4 Things That Dogs Can Teach Us About Happiness
4. Don’t park your happiness in the future.
Posted December 1, 2021 | Reviewed by Gary Drevitch
- Don’t park your happiness into the future; instead, find ways to be content with what you have.
- Be playful and make time for things you find intellectually or physically fun.
- Find joy in routine by finding nuggets of happiness in ordinary moments throughout the day.
As I sit here with our beautiful fluffy dog, I am reminded that dogs are incredible bundles of fun, and I am wondering what we can learn from them. Dogs are adventurous, curious, and playful, and they find happiness in basic things—a squeaky plastic chicken toy, a cozy blanket, or autumnal leaves falling in the wind. Dogs love play and fun, and their emotions range from the contentment of pawing at their doggy blanket before nesting to wagging their tails ecstatically and coddling you with hugging paws and licks when you get home.
Learning to be content is a curious skill to acquire, especially in an individualistic society where social and material rewards often result from being competitive, hungry, and ambitious. However, in the process, people often forget to be content about the most basic and fundamental aspects of life, such as sunshine after a week of rain, or the cozy comforts of hot cocoa at your desk as you work. Dogs may have lived with humans for centuries, but they seem not to have forgotten how happy they should be that they have a nice meal or a warm blanket. Have you ever seen your dog poke its nose at food that it wants to keep for later, or scratch at a blanket to obtain maximum coziness? Or have you ever seen your dog ecstatically happy about playing with a super simple toy day after day, with no sign that the toy is any less a source of joy? Think about how you can be content about basic things in life by thinking about them and savoring them, just like a dog does.
Find joy in routine.
Dogs love routine, and they like to have clarity about what usually happens through the day and what sorts of signs mean that good stuff is on the way — like the outdoor leash signaling a happy walk is on the way. Although humans sometimes feel as though spontaneity is a good thing, make some room for routine in your life. Dogs like to know what to expect and they like a sense of repetition in what happens around them, giving them comfort and certainty. Wake up early and sleep at fixed times. Make work enjoyable, if you can, by adding things to it that you enjoy—such as some background music and quick breaks that involve sitting in your garden or looking outside the window. Savor delicious meals that you enjoy and make time in your day for enjoyable aspects of your routine, such as listening to music, exercising, reading something you enjoy, or watching some good television.
Make time for play.
Many people spend their free time in ways which, in retrospect, they probably find wasteful, such as time on social media, which research shows can make people feel anxious and depressed. Ask yourself what you would do if you knew that there was going to be an apocalypse tomorrow. Would you spend today browsing social media, or would you go out for a walk somewhere breathtakingly beautiful? Add a “seize the day” frame of mind to each day, just like dogs do.

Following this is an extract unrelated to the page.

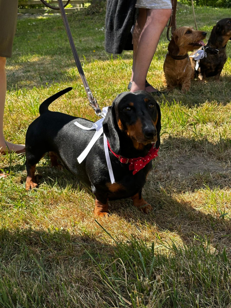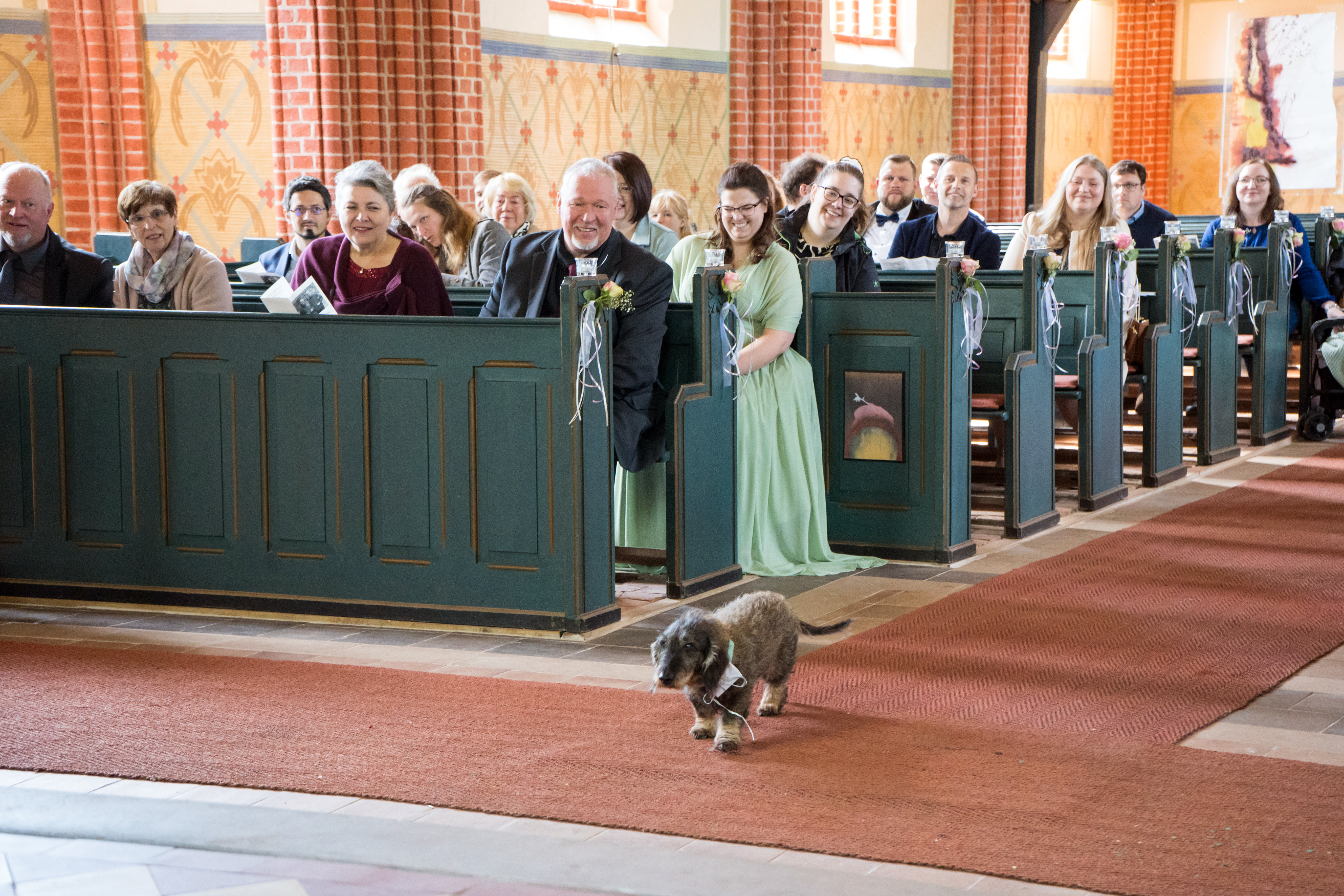 ich sagen, dass die Bänke und der Altar wunderschön geschmückt waren. Die Gäste kamen herein. Alle waren so glücklich und viel entspannter als sonst in der Kirche. Ich muss es wissen, ich bin regelmäßig dort, sodass ich mit Recht von meiner Kirche sprechen kann. Mein Rudel war etwas nervös, aber ich bin ganz der Dackel geblieben und behielt den Überblick.

For humans, play can involve physical exercise or intellectual exercise (e.g., reading a good book, being engrossed in a hobby, or laughing with other people). Discover what you enjoy doing as play, and make time for it every day.
Dogs don’t park their happiness into the future and say to themselves, “Well, I’m busy right now but I will be happy after I achieve X, or I will wait until I get Y to be happy.” No, dogs seize the day, so try to live a life in which carpe diem is a part of your philosophy. Dogs get on with each moment by seizing happiness wherever they can find it, and look for unlimited opportunities to wag their tail and be joyful.